= Exercise directions =
Give the total number of lines in the data below that include "entre", and nothing else.

Stored data:
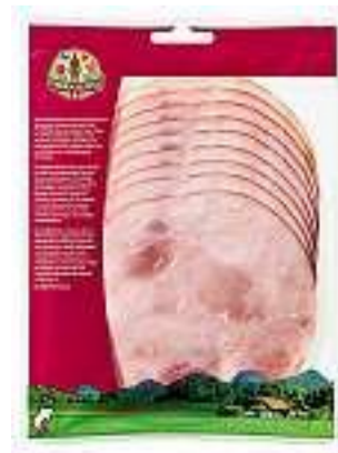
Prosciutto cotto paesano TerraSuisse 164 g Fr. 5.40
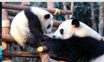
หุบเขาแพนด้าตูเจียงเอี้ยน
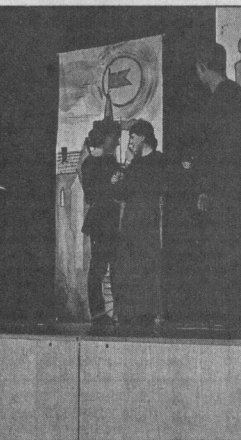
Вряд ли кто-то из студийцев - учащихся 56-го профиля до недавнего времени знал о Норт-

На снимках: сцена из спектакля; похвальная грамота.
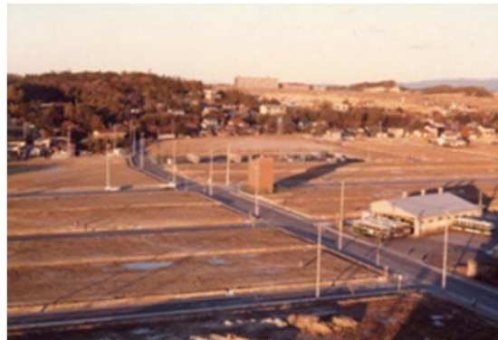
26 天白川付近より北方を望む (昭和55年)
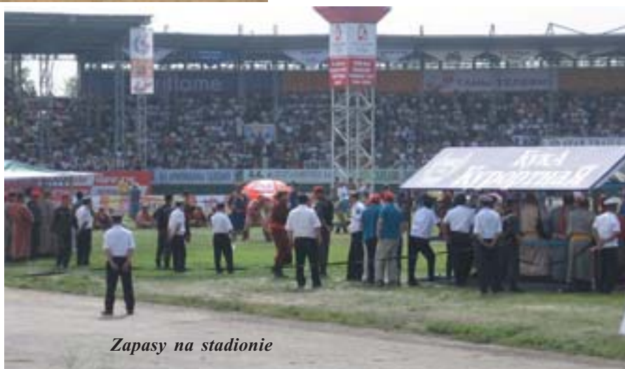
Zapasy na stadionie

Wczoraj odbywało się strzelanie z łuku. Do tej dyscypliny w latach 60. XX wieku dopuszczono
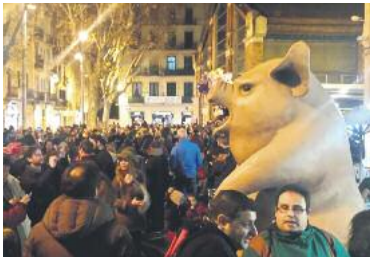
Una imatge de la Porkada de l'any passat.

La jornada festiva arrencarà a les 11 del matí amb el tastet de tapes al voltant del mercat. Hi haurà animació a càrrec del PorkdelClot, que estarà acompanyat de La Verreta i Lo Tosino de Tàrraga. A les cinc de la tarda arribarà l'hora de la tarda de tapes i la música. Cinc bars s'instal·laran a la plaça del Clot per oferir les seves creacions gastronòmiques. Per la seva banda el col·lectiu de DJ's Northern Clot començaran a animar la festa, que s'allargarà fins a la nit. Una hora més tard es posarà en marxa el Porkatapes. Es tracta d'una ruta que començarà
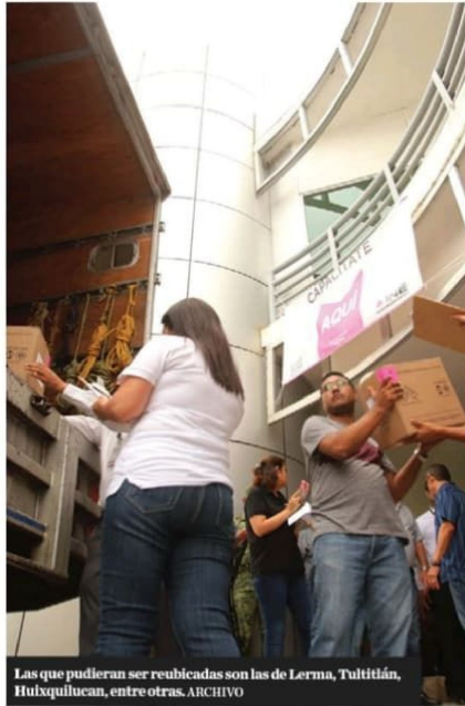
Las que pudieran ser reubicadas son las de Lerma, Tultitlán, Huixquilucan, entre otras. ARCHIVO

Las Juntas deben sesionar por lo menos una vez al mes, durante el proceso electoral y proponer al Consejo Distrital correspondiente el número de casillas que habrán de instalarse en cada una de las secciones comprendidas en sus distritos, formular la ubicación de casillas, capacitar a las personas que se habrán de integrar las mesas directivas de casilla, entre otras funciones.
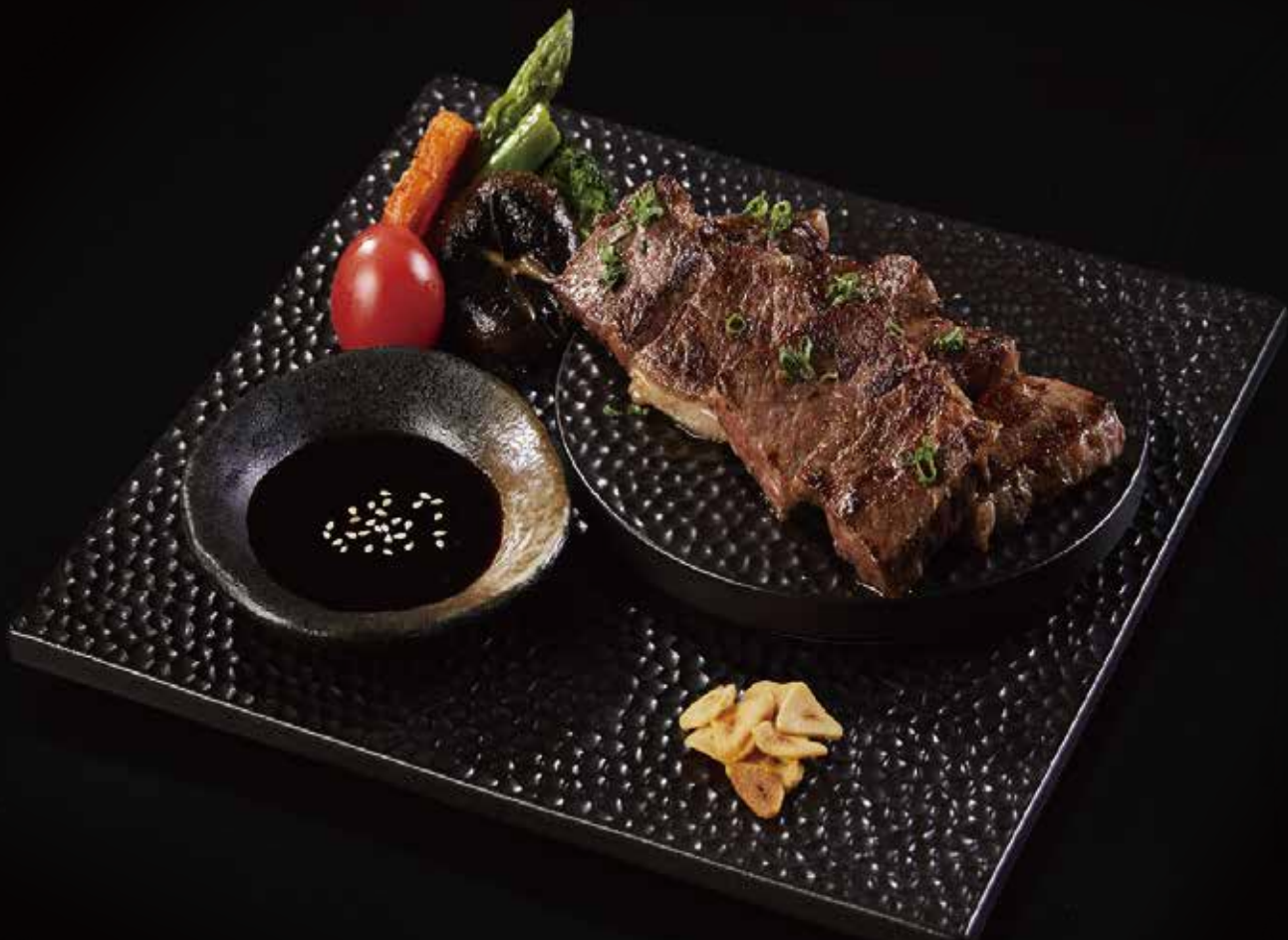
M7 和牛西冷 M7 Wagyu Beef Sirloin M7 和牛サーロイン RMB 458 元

= Output for this exercise =
2